By way of introduction, I've read most of the biographical material on Douglas as well as his writings. There have been six biographies written about him, and this is the best of the bunch. Here they are:
The first was by his friend and mentor, William Jackson Hooker, and was published soon after Douglas' untimely death under the title "A Brief Memoir of the Life of Mr. David Douglas, with Extracts from His Letters." This work is available free on the internet and I highly recommend it. It's brief, sympathetic, and hits the high points.
Perhaps because Douglas' journals went unpublished until 1914, and then were put out only in an expensive limited edition, he did not attract another biographer until 1947 when H.T. Hervey published "Douglas of the fir: a biography of David Douglas, botanist." This was an excellent work, and the later biographies repeat much material first presented by Hervey. It is long out of print and you will likely have to get it through a library.
The third Douglas biography is more of a curiosity than a work of reference; it contains much wild speculation that is unsupported or actually contradicted by the historical evidence, and overall seems to be an effort to turn Douglas' life into a pulp romance. Among other things it reveals that Douglas had a passionate affair with a dusky native lass on the shores of distant Gray's Harbor. You can read this and more in W. Morwood's Traveler in a vanished landscape;: The life and times of David Douglas.
Next up was DOUGLAS OF THE FORESTS. THE NORTH AMERICAN JOURNALS OF DAVID DOUGLAS by John Davies, which mostly consists of excerpts from Douglas' journals but also covers some biographical ground. It's a decent work, but mostly of interest because Douglas' own journals have only been published in rare and expensive limited editions (fortunately they can also be downloaded for free on the Internet).
After that we had David Douglas: Explorer and Botanist by Ann Lindsay, reissued a few years later under the title The Tree Collector: The Life and Explorations of David Douglas. Regrettably, it was not well fact-checked, and contains numerous false statements that betray the authors' general lack of familiarity with either botany or the geography of western North America, but which also contains some interesting facts which were not earlier published, and are revealed in the writings of Douglas' contemporaries.

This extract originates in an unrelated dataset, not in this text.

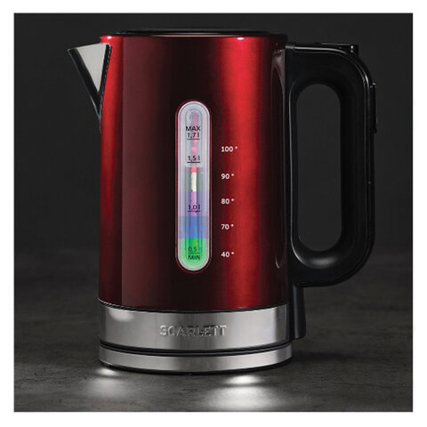 Чайник SCARLETT SC-EK21S78, 1,7 л, 2200 Вт, закрытый нагревательный элемент, ТЕРМОРЕГУЛЯТОР, сталь, бордовый

The best came last, though: Jack Nisbet's "The Collector" easily displaces Hervey's work as the best Douglas biography, for it was prepared by a modern, rigorous historian with access to a breadth of material and interpretation that the earlier authors could not reach. Moreover, Nisbet has previously written a good number of books on the region's history and, apart from the synergistic effects on this research effort, it has allowed him to develop as a capable and engaging writer. It contains information not discovered by any prior writer, such as the news that Douglas had a son during his travels in the Pacific Northwest; it also does a far better job than any prior biography of placing Douglas within the society of his contemporaries both on the frontier and in the world of London's Linnean Society. Highly recommended.